Patients were administered four mg/day of pomalidomide plus 40 mg/week of dexamethasone, a steroid used in standard treatment, for 21 days of a 28-day cycle. Progression-free survival was 4.6 months and overall survival was 16.5 months. The scientists also conducted a subanalysis of this group based on age, as treating older people with multiple myeloma is especially difficult. Progression-free survival was 4.7 months in people under 65 and 3.7 months in people over 65, and overall survival was 19.7 months in people under 65 and 11.8 months in people over 65.

"We have made great strides in prolonging the lives of people with multiple myeloma, increasing overall survival from three years to as high as seven years in less than a decade," said Dr. Jagannath. "These results show that pomalidomide in combination with dexamethasone is a promising new option to extend survival even longer, including in older patients."

Pomalidomide was well-tolerated, with patients experiencing side effects common to this drug class, including low white blood cell count, anemia, pneumonia, and low blood platelet count.

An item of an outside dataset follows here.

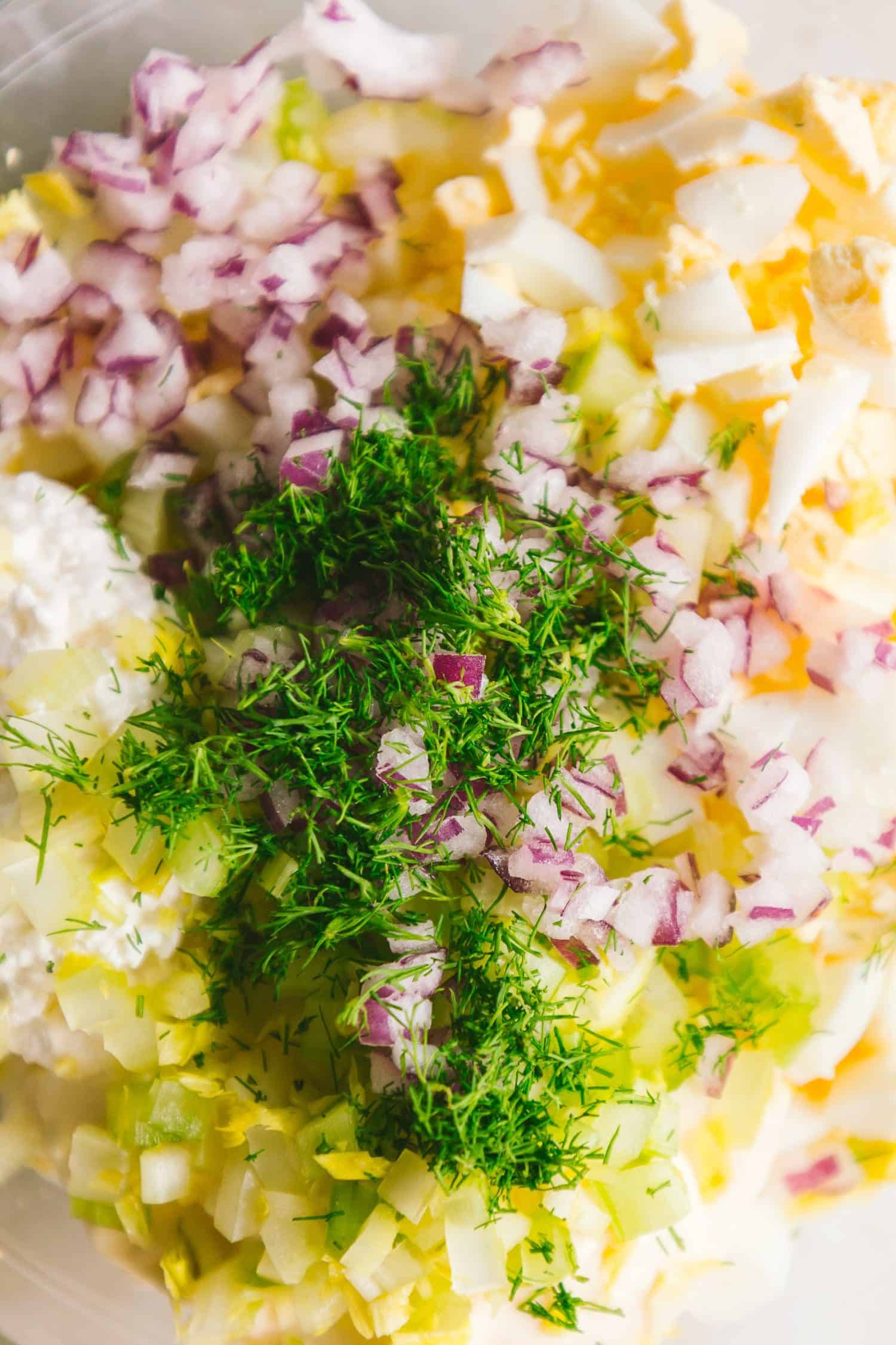 - Add mayonnaise, cottage cheese, Dijon mustard, pink onion, celery, and chopped dill (if utilizing) to the bowl. Combine every part collectively till nicely mixed. Season with salt and pepper to style.

The FDA is expected to decide whether to approve pomalidomide in early 2013.

Dr. Jagannath leads one of the largest multiple myeloma research and treatment programs in the world. He and his team, which includes Ajai Chari, MD, Assistant Professor of Medicine in the Division of Hematology and Oncology, seek to explore new treatments for this deadly cancer and extend survival in patients such that it becomes a chronic disease.

The Multiple Myeloma Program at Mount Sinai is one of the leading programs in the country for the diagnosis and treatment of multiple myeloma and sees patients from around the world. The interdisciplinary approach to patient care means that patients are seen by a team of specialists with expertise in the care of patients with multiple myeloma and other hematologic malignancies. The program conducted clinical trials with Lenalidomide and Bortezomib, two novel drugs that are now standard of care. As a result, multiple myeloma patients now have access to highly promising clinical studies and the latest treatment breakthroughs.

Dr. Jagannath receives compensation from Celgene Corporation as a scientific and clinical advisor.